In particular, the present invention provides a method for assessing speech prosody, comprising: receiving input speech data; acquiring prosody constraint; assessing prosody of the input speech data according to the prosody constraint; and providing assessment result. In embodiments, the present invention employs a prosody structure prediction model, to generate boundary probability for words. A comparison of the boundary probability with a detected boundary, obtained from speech recognition, allows for an evaluation of speech rhythm. Further, the detection and evaluation of speech hesitation and/or fluency is achieved by comparing the phone duration with a pre-defined duration.

The present invention also provides a system for assessing speech prosody, comprising: an input speech data receiver for receiving input speech data; a prosody constraint acquiring means for acquiring prosody constraint; an assessing means for assessing prosody of the input speech data according to the prosody constraint; and a result providing means for providing assessment result. Brief Description of the Drawings

Preferred embodiments of the present invention will now be described, by way of example only, with reference to the following drawings in which:

Fig. l shows a flow chart of a method for assessing speech prosody;

Fig.2 shows a flow chart of a method for assessing rhythm according to one embodiment of the invention;

Fig.3 shows a flow chart of acquiring rhythm feature of input speech data according to one embodiment of the invention;

Fig.4 shows a flow chart of acquiring standard rhythm feature according to one embodiment of the invention;

Fig.5 shows a diagram of a portion of decision tree according to one embodiment of the invention;

Fig.6A shows a speech analysis chart of measuring silence of input speech data according to one embodiment of the invention;

Fig.6B shows a speech analysis chart of measuring pitch reset of input speech data according to one embodiment of the invention;

Fig.7 shows a flow chart of a method for assessing fluency according to one embodiment of the invention;

Fig.8 shows a flow chart of acquiring fluency feature of input speech data according to one embodiment of the invention;

Fig.9 shows a flow chart of a method for assessing total number of phrase boundaries according to one embodiment of the invention;

Fig.10 shows a flow chart of a method for assessing silence duration according to one embodiment of the invention;

Fig. l 1 shows a flow chart of a method for assessing number of repetition times of a word according to one embodiment of the invention;

Fig.12 shows a flow chart of a method for assessing phone hesitation degree according to one embodiment of the invention;

Fig.13 shows a block diagram of a system for assessing speech prosody; and

Fig.14 shows a diagram of performing speech prosody assessment in manner of network service according to one embodiment of the invention. Detailed Description of the Preferred Embodiments

In the following discussion, a large amount of specific details are provided to facilitate to understand the invention thoroughly. However, for those skilled in the art, it is evident that it does not affect the understanding of the invention without these specific details. And it will be recognized that, the usage of any of following specific terms is just for convenience of description, thus the invention should not be limited to any specific application that is identified and/or implied by such terms. The present invention sets forth an effective method and system for assessing input speech.

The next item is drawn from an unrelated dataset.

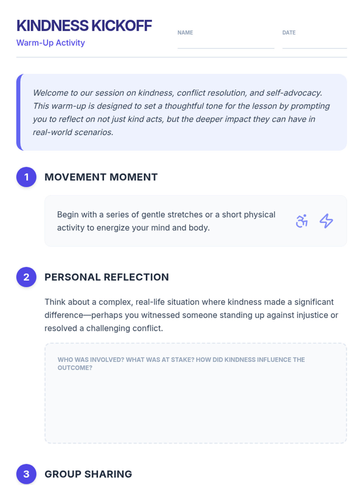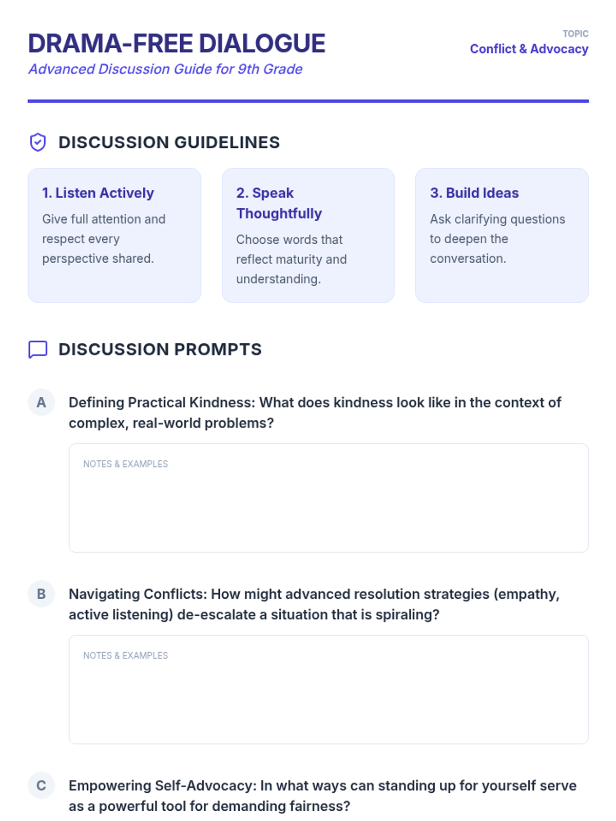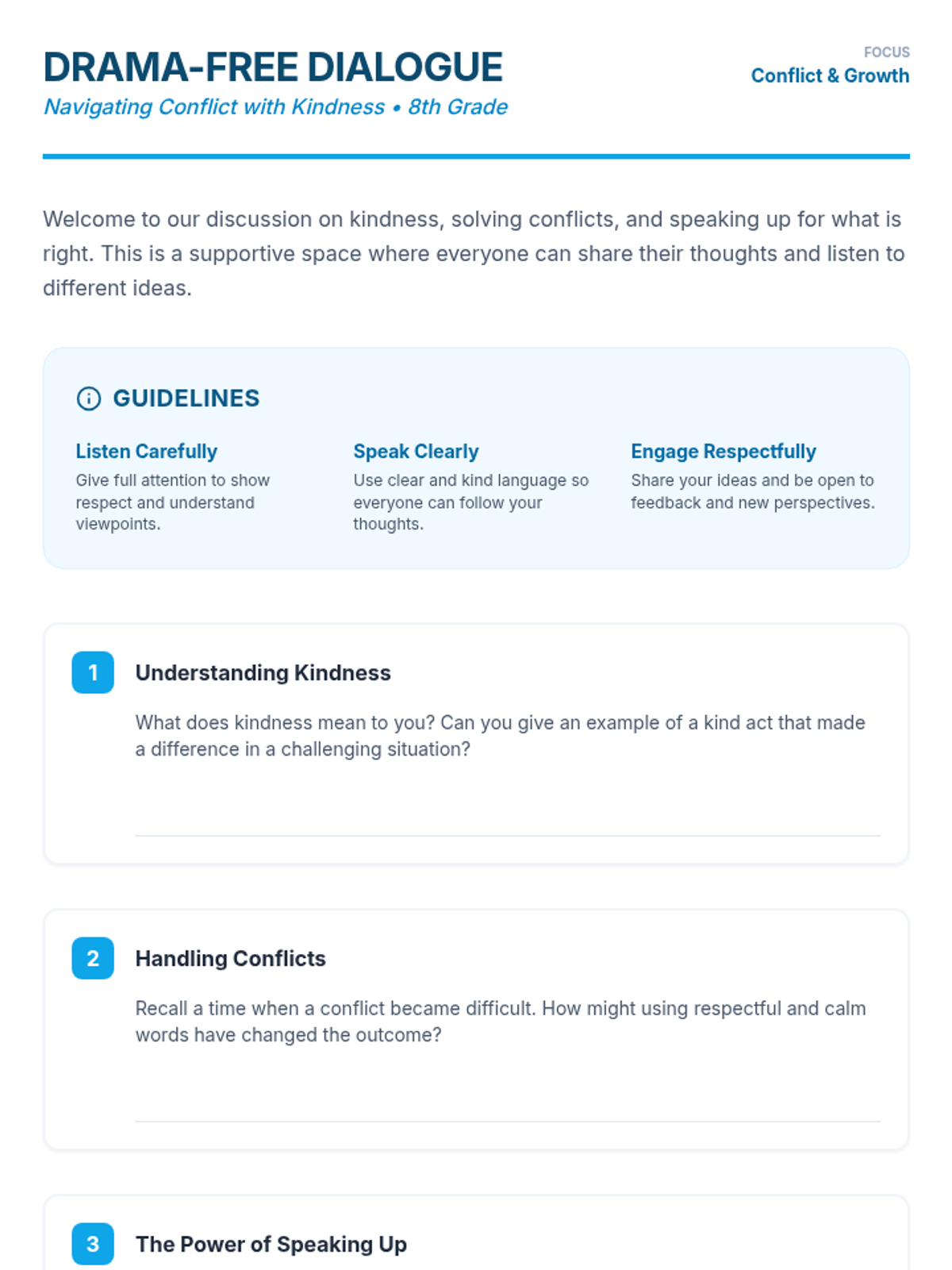 A 45-minute session for ninth graders focused on kindness, conflict resolution, and self-advocacy. This lesson helps students develop essential social skills to handle conflicts constructively and navigate social media negativity with resilience.
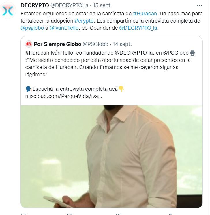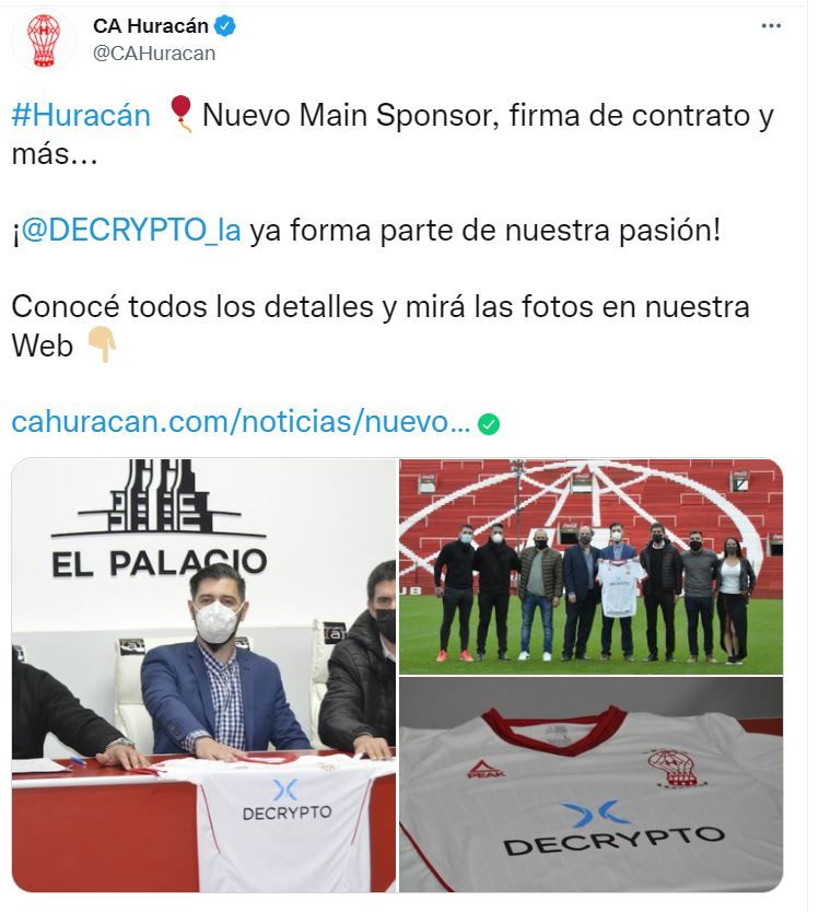 La plataforma de compra y venta de criptomonedas es la primera en firmar con un club de primera división en Argentina, donde el logo de Decrypto también aparecerá en la cartelera del campo de juego, así como en la infraestructura del estadio donde juega el Huracán.

Further, the invention does not have any restriction on input speech data, that is, user can read certain text/speech or follow reading thereof, and the user can also give a free speech. Therefore, the present invention not only can assess prosody of a reader or follower, but also can assess prosody of any piece of input speech data. The present invention not only can help a self- learner to score and correct his own spoken language, but also can assist an examiner to assess an examinee's performance during an oral test. The present invention not only can be implemented as a special hardware device such as repeater, but also can be implemented as software logic in a computer to operate in conjunction with a sound collecting device. The present invention not only can serve one end user, but also can be adopted by a network service provider so as to assess input speech data of a plurality of end users.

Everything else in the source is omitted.